The FTSE 100 'struggled for direction' on another quiet day for the index

Donald TrumpMario Tama / GettyPresident Trump’s upcoming speech to Congress dominated market narratives on Monday.

European markets were mixed on Monday on a day that saw little substantial movement in the majority of the continent’s major indexes.

In the UK, the FTSE 100 closed higher by just shy of 0.15% to end the day at 7,253 points, driven upward by commodity focused firms, and by distribution and outsourcing company Bunzl.

Bunzl gained more than 3% after a solid set of results showed that pre-tax profits rose to £478.2 million in 2016 from £411.2 million in the previous year.

Markets lacked any real driver on the day, with investment decisions “tempered by (the now routine) uncertainty before Donald Trump’s speech to a joint session of Congress on Tuesday,” according to Jasper Lawler of London Capital Group.

In an email a little earlier, Lawler added: “In UK markets, mostly well-received corporate earnings results were offset by disadvantageous court and regulator rulings.

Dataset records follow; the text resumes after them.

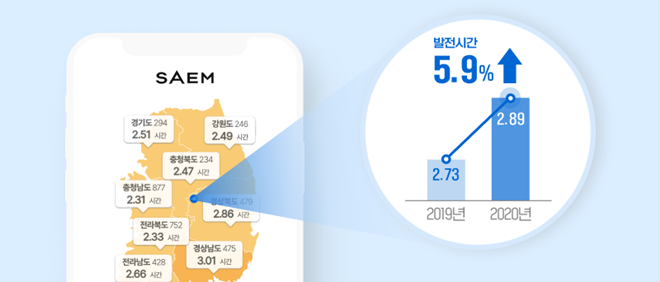 솔라커넥트는 발전소 자산관리 서비스인 SAEM(쌤)에 등록된 발전소 데이터 및 기상청 날씨 자료를 기반으로 2020년 겨울철 일평균 발전 시간을 분석했다. SAEM(쌤)에 등록된 전국 발전소의 2020년 겨울철 일평균 발전 시간은 2019년 동기간 대비 발전 시간이 상승한 것으로 나타났다. 일평균 발전 시간은 2019년 2.73시간, 2020년 2.89시간으로 약 5.9% 상승한 수치다.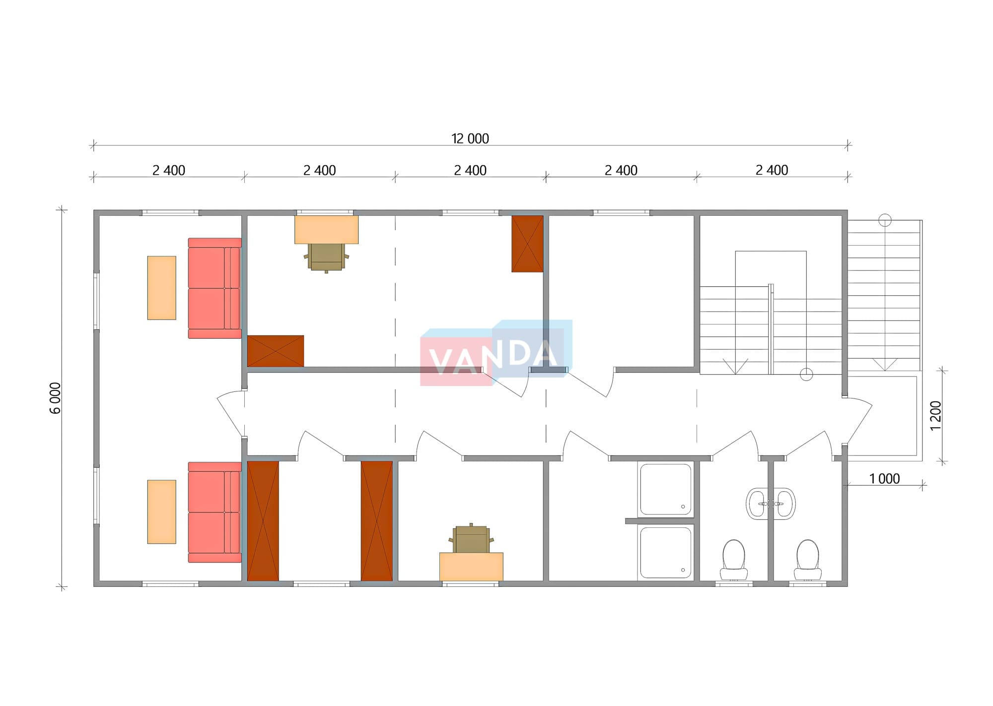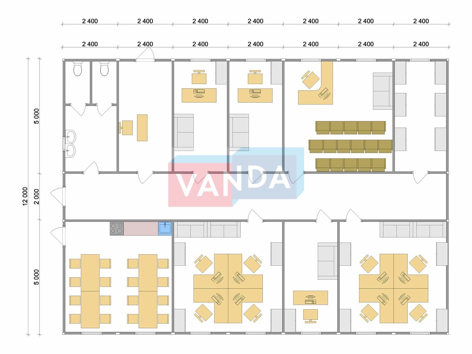 Модульная бытовка с плоской крышей 7.2x6.0 7.2x6.0 43.2 OSB 9 мм. Оцинкованный профлист 650 000 р. Уточняйте у менеджера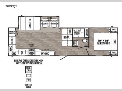 Pick your favorite camping spot and hitch this travel trailer up for a great weekend getaway! The rear kitchen has a three burner cooktop to prepare your best meals, an 11 cu. ft. stainless steel refrigerator to keep your perishables fresh, and a walk-in pantry for your canned goods and snacks for movie night. After a fun day at the beach, you can play a card game at the booth dinette, relax in either one of the two recliners and sofa, or rinse the sand out of your hair in the 32" x 40" shower with a seat in the full bathroom. There is also a front private bedroom with a queen bed to lay your head on at night, and dual shirt closets to keep your clothes tidy! Don't overlook the optional outside micro kitchen with a griddle!
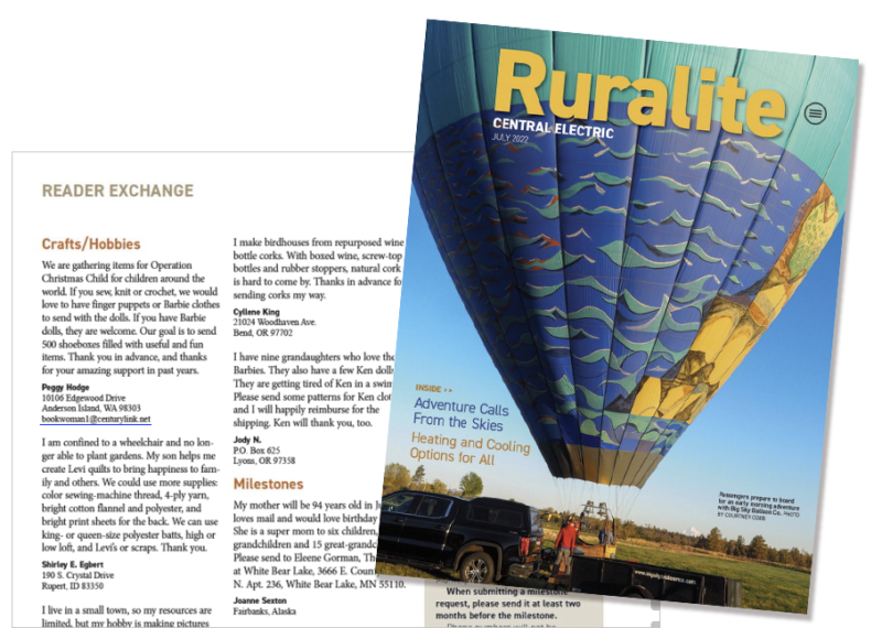 Ruralite’s editorial team receives between 20 and 100 requests for the Reader Exchange each month, with many readers asking for help celebrating milestones. Only participating electric utility members are eligible for the free listing. To learn more about how to submit requests, check your issue of Ruralite.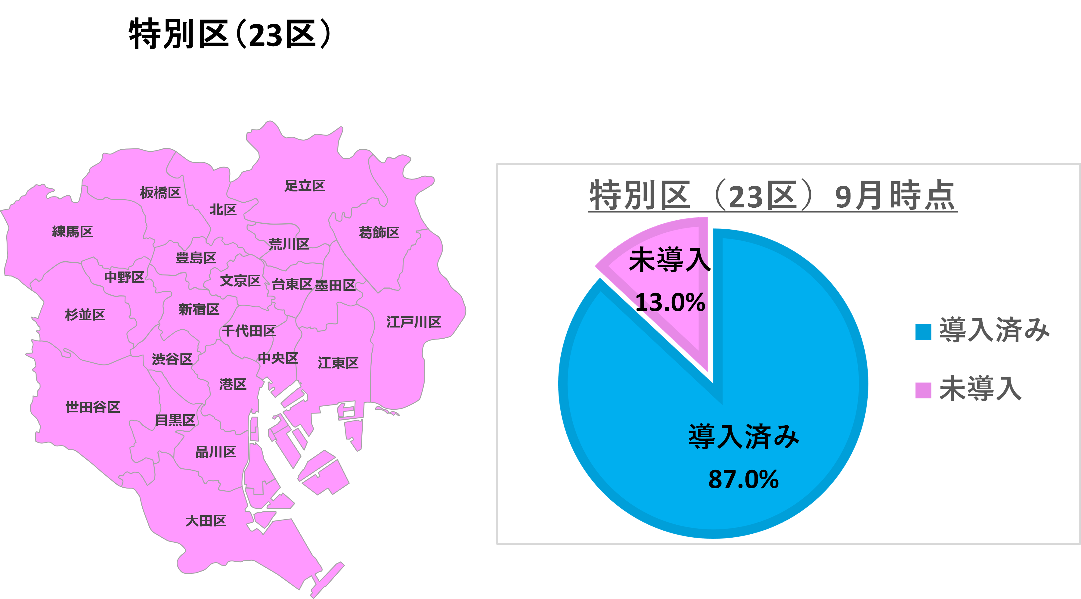 ・特別区(23区)での導入率は87%に上り、前回調査より39ポイントアップ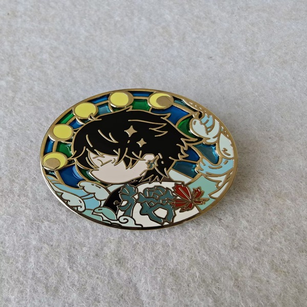 This is an enamel pin featuring a chibi-style character with black, spiky hair adorned with star details.
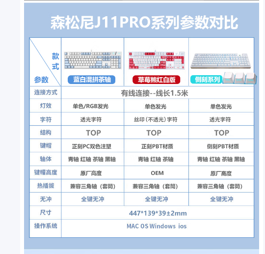 森松尼/sunsonny J11PRo 键盘 机械键盘有线104键静音茶轴 白蓝黄【冰魄青轴】旗舰版升级芯片

The FTSE 100 struggled for direction with a rise in oil company shares numbing the pain of a slide in the insurance sector and a drop in the shares of London Stock Exchange.”

Here is how the FTSE’s day looked:

Elsewhere on the continent, Germany’s DAX ended 0.17% higher, while France’s CAC was virtually unmoved, gaining 0.01%.

One exception to the relative monotony in markets was Italy’s FTSE MIB, which ended just shy of 1.7% higher, driven upwards by strong performances from the country’s banking sector on the day. Two banks, Intesa Sanpaolo and Banco Bpm, climbed more than 5%, while Banca Popolare Emilia Romagna ended more than 4% up. It is worth noting that the FTSE MIB is quite frequently the most volatile index in Europe.